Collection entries
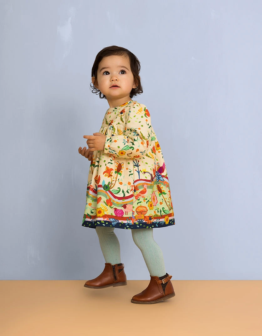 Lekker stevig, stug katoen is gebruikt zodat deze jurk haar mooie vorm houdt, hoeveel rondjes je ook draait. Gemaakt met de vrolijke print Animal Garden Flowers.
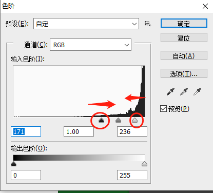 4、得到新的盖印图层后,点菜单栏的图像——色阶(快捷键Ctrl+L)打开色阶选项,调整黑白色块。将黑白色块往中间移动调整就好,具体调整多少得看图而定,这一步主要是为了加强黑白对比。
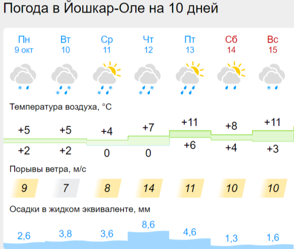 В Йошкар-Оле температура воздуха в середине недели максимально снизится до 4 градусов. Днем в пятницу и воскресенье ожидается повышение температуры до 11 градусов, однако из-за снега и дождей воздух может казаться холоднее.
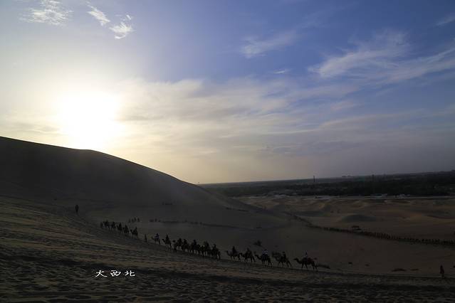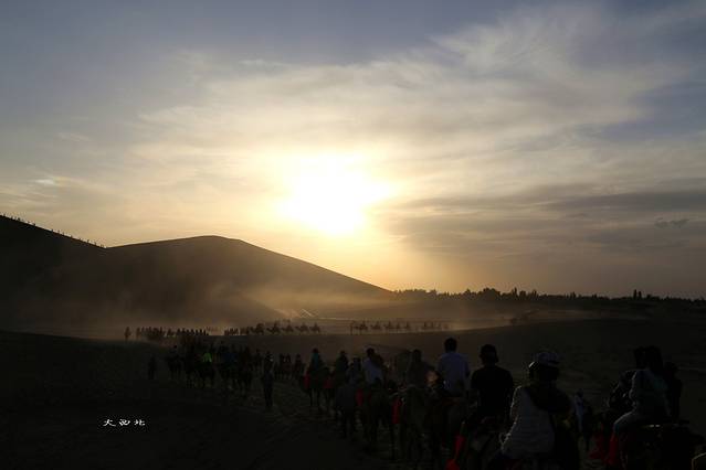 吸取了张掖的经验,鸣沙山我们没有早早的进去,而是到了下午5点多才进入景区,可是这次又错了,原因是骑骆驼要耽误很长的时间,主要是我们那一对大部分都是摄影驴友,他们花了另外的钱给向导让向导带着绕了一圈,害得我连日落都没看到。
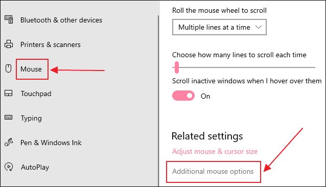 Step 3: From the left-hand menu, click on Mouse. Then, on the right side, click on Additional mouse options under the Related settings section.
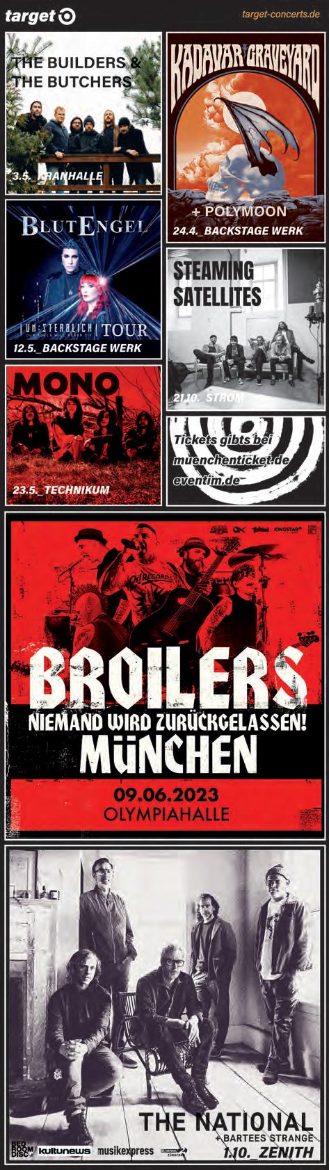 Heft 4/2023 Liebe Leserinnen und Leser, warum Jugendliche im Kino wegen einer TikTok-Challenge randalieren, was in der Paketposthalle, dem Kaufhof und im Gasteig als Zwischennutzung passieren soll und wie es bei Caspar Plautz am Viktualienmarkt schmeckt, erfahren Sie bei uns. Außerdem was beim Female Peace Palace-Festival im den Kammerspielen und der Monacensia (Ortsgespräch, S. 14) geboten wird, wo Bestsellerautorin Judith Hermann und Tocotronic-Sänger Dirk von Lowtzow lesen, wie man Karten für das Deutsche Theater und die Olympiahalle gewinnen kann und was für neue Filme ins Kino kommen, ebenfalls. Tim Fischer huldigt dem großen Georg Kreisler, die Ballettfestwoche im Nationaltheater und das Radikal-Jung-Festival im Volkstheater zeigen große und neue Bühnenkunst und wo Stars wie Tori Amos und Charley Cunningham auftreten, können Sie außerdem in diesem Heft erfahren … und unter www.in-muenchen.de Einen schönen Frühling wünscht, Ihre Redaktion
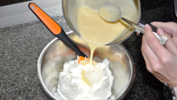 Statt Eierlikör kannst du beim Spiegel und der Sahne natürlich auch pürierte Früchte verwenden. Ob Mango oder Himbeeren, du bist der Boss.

### [TASK TO COMPLETE]
The expected output is the full data above, reproduced exactly with no images.

### [RESPONSE AREA]
 Lekker stevig, stug katoen is gebruikt zodat deze jurk haar mooie vorm houdt, hoeveel rondjes je ook draait. Gemaakt met de vrolijke print Animal Garden Flowers.
 4、得到新的盖印图层后,点菜单栏的图像——色阶(快捷键Ctrl+L)打开色阶选项,调整黑白色块。将黑白色块往中间移动调整就好,具体调整多少得看图而定,这一步主要是为了加强黑白对比。
 В Йошкар-Оле температура воздуха в середине недели максимально снизится до 4 градусов. Днем в пятницу и воскресенье ожидается повышение температуры до 11 градусов, однако из-за снега и дождей воздух может казаться холоднее.
 吸取了张掖的经验,鸣沙山我们没有早早的进去,而是到了下午5点多才进入景区,可是这次又错了,原因是骑骆驼要耽误很长的时间,主要是我们那一对大部分都是摄影驴友,他们花了另外的钱给向导让向导带着绕了一圈,害得我连日落都没看到。
 Step 3: From the left-hand menu, click on Mouse. Then, on the right side, click on Additional mouse options under the Related settings section.
 Heft 4/2023 Liebe Leserinnen und Leser, warum Jugendliche im Kino wegen einer TikTok-Challenge randalieren, was in der Paketposthalle, dem Kaufhof und im Gasteig als Zwischennutzung passieren soll und wie es bei Caspar Plautz am Viktualienmarkt schmeckt, erfahren Sie bei uns. Außerdem was beim Female Peace Palace-Festival im den Kammerspielen und der Monacensia (Ortsgespräch, S. 14) geboten wird, wo Bestsellerautorin Judith Hermann und Tocotronic-Sänger Dirk von Lowtzow lesen, wie man Karten für das Deutsche Theater und die Olympiahalle gewinnen kann und was für neue Filme ins Kino kommen, ebenfalls. Tim Fischer huldigt dem großen Georg Kreisler, die Ballettfestwoche im Nationaltheater und das Radikal-Jung-Festival im Volkstheater zeigen große und neue Bühnenkunst und wo Stars wie Tori Amos und Charley Cunningham auftreten, können Sie außerdem in diesem Heft erfahren … und unter www.in-muenchen.de Einen schönen Frühling wünscht, Ihre Redaktion
 Statt Eierlikör kannst du beim Spiegel und der Sahne natürlich auch pürierte Früchte verwenden. Ob Mango oder Himbeeren, du bist der Boss.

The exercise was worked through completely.